Materials and methods
Participants
The Working Group on Intensive Care Medicine (Arbeitsgemeinschaft Intensivmedizin) in Arnsberg, Germany organizes continuing education programs for physicians [21]. These programs primarily target residents in their second to third year of postgraduate medical training in fields of emergency and intensive care medicine, such as internal medicine, anesthesia, or surgery. Participants in these courses come from both Germany and German-speaking countries. During these courses, participants were given the opportunity to take part in optional simulator-based CPR workshops. It was made clear to them that these workshops were recorded for scientific purposes. Additionally, identical workshops were offered to physicians who wished to participate but preferred not to be filmed. The trial, conducted in accordance with the Declaration of Helsinki guidelines, received approval from the Ethics Committee of “Aerztekammer Westfalen-Lippe” (2020-602-f-S), which waived the requirement for obtaining consent. Furthermore, an amendment for the presented analysis of PPE was also exempted from consent requirements. The trial is registered in the German Clinical Trial Registry (accessible at www.drks.de as of August 19, 2022, DRKS-ID: DRKS00023184). The reporting of the study adheres to the extensions of the STROBE statements as outlined in the Reporting Guidelines for Health Care Simulation Research [22].
Study design
This study reports thus far unreported data from the PPE cohort of a prospective comparative trial involving two cohorts [20]. Throughout the years 2020 and 2021, all attendees of our workshops were required to perform CPR while wearing PPE. Participants from individual workshops were randomly divided into teams consisting of three to five physicians.
Simulator and scenario
The Ambu Man Wireless mannequin (Ambu GmbH, Bad Nauheim, Germany) was used for this study. All participants underwent a standardized briefing, which encompassed an introduction to the workshop, familiarization with the mannequins, and an overview of the available resuscitation equipment. Subsequently, each team member was apprised of their role in the upcoming scenario: they would be part of a resuscitation team responding to an unwitnessed cardiac arrest due to ventricular fibrillation. The teams were explicitly informed that, mirroring real-world practices at that time, they were required to fully don PPE before any contact with the patient being tested positive for COVID-19.

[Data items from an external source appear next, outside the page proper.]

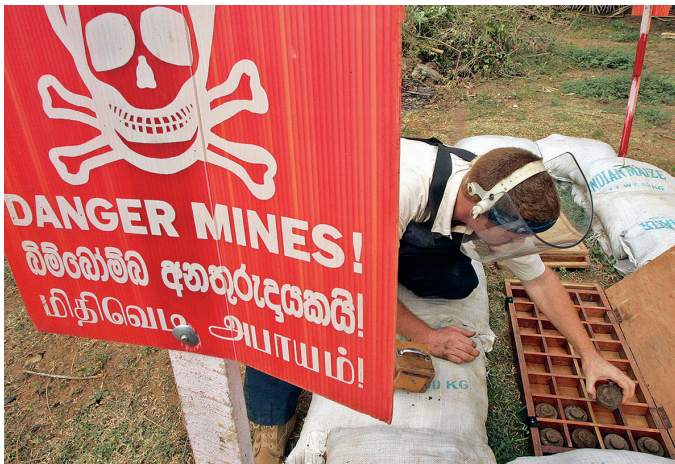
A field worker for a British NGO removes and stores a land mine in Sri Lanka.

Governments and NGOs frequently work as partners. NGOs may provide expertise and personnel on the ground for implementation of government-funded projects. NGOs may be politically unaffiliated, or they may be based on partisan ideals and seek to advance a particular cause or set of causes in the public interest. In either model the key point is that NGOs operate under minimal political control of states.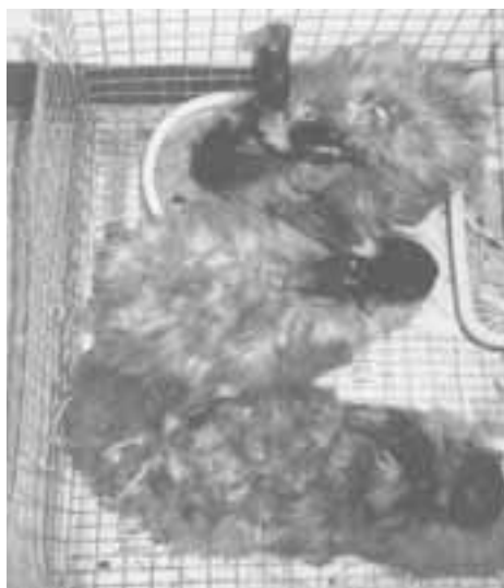
Most of the adult rabbits had tattered ears and other wounds from fighting. These Angoras also had matted coats.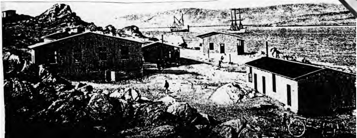
An early German trading post.

19 Study the picture, and then answer the questions which follow.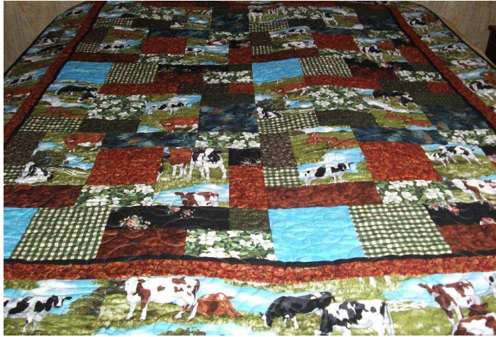
1st Prize—Lap/Twin Handmade Quilt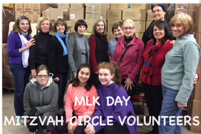
MLK DAY MITZVAH CIRCLE VOLUNTEERS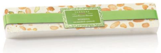
Antica Torroneria - Soft Nougat Hazelnut & Almond 150g x 12 CODE T0604101510 Almond & Pistachio 150g x 12 CODE T0606901500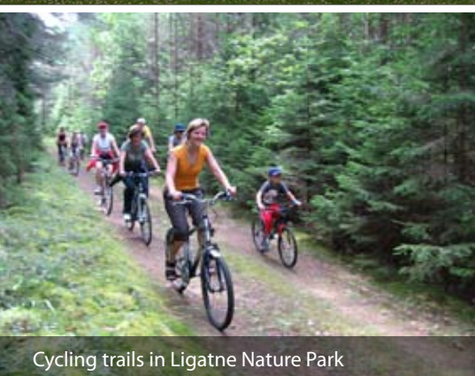
Cycling trails in Līgatne Nature Park

General Route: Rīga - Valmiera - Cēsis - Sigulda - Rīga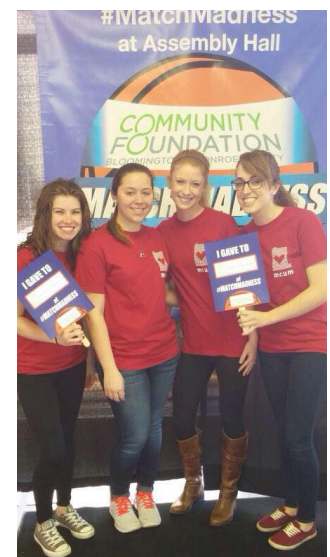
Volunteers at our Match Madness donor event in March, 2015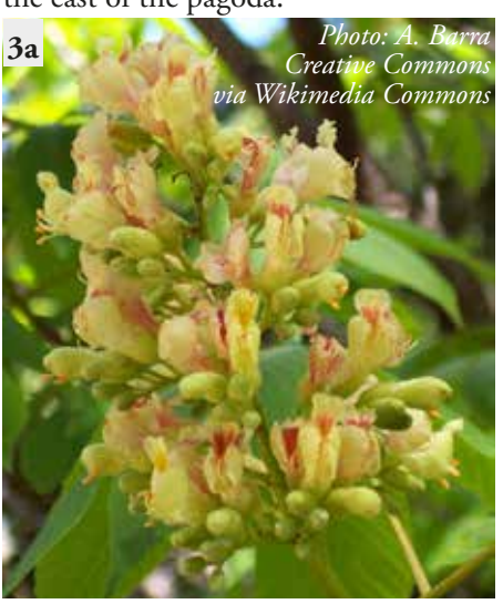
Figure 3 Yellow Buckeye, Aesculus flava: This species is originally from Eastern USA. There are number of these trees to the east of the pagoda.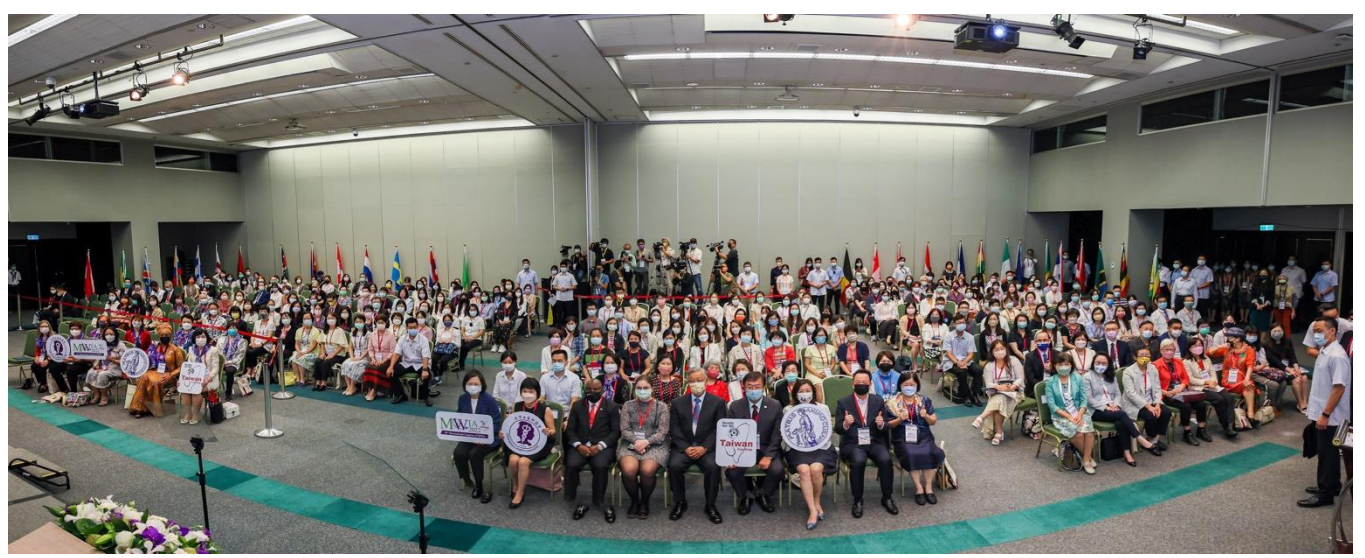
Program Book: https://www.mwia2022.net/downloads/MWIA2022 Program Book.pdf

Congress Website: <a href="https://www.mwia2022.net/">https://www.mwia2022.net/</a>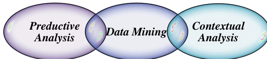
Figure 3: Different HR Analytic Techniques

“Human Resource Analytics” is also called “People Analytics” and it refers to the engagement of analytical techniques such as data mining techniques, predictive analytics, and contextual analysis in order to help managers and HR professionals within a business for making a better decision, which is associated with their workforce structure.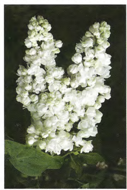
Syringa vulgaris 'Pam<u>ya</u>t o Kolesnikove'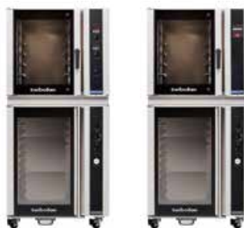
E35D6 on P85M12 Double Stacking Kit DSKE35P85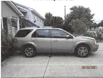
605 Maple St.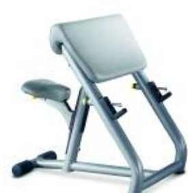
PA06 SCOTT BENCH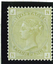
SG 153 PL15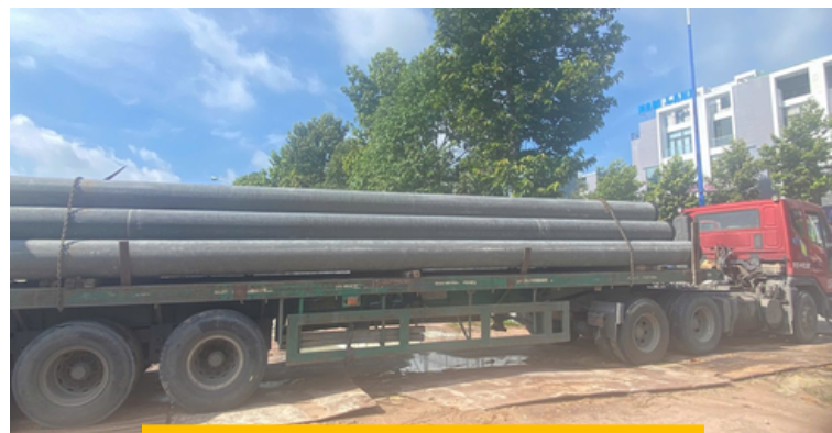
Commencement of construction with piling structures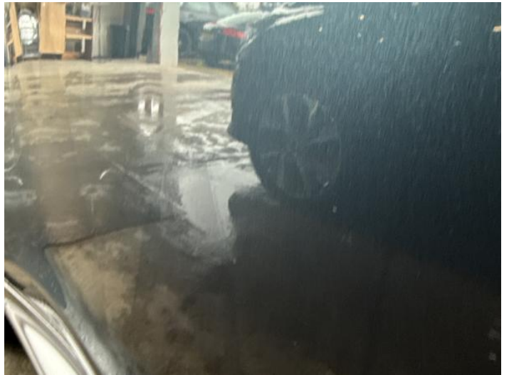
6: Door nsf Dented Over 30mm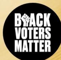
Black Voters Matter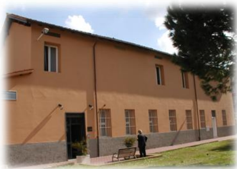
European Endoscopy Training Center

All the courses are organized at the European Endoscopy Training Centre (EETC), Gemelli Hospital, Rome, Italy.

Personal protective equipment (PPE)
The teams were explicitly informed that, mirroring real-world practices at that time, they were required to fully don PPE before any contact with the patient. In adherence to stringent hygiene protocols, participants were mandated to wear FFP2/N95 masks continuously throughout the duration of the course. Additionally, a variety of PPE items, including gloves, protective eyewear, gowns, and scrub caps, were readily available in ample quantities and various sizes, arranged on a table within the scenario room. This arrangement served the dual purpose of ensuring participants understood the need to prepare for a medical emergency after donning PPE. The time taken for the donning process was defined as the duration between the initial handling of PPE equipment by any team member and the first contact with the patient by any team member. The process of doffing occurred after the return of spontaneous circulation (ROSC) and was observed until completion. Data on buddying were collected during both donning and doffing. Buddying was categorized into verbal reminders to or for participants (e.g., “Your mask isn’t fitting well.”, “You need to disinfect your hands.”), assistance given to participants or received by participants (e.g., closing the gown), or active correction by and for participants (e.g., closing a poorly fitting gown, actively providing hand sanitizer during doffing). Buddying was applied both during donning and doffing processes.
All scenarios were supervised by trained tutors instructed not to interfere in any way with donning, doffing, or buddying. Trained tutors were freelance AIM employees, both physicians and paramedics with years of experience in clinical practice and in training young residents.
Data analysis
Data analysis was performed using the video recordings obtained during the simulations.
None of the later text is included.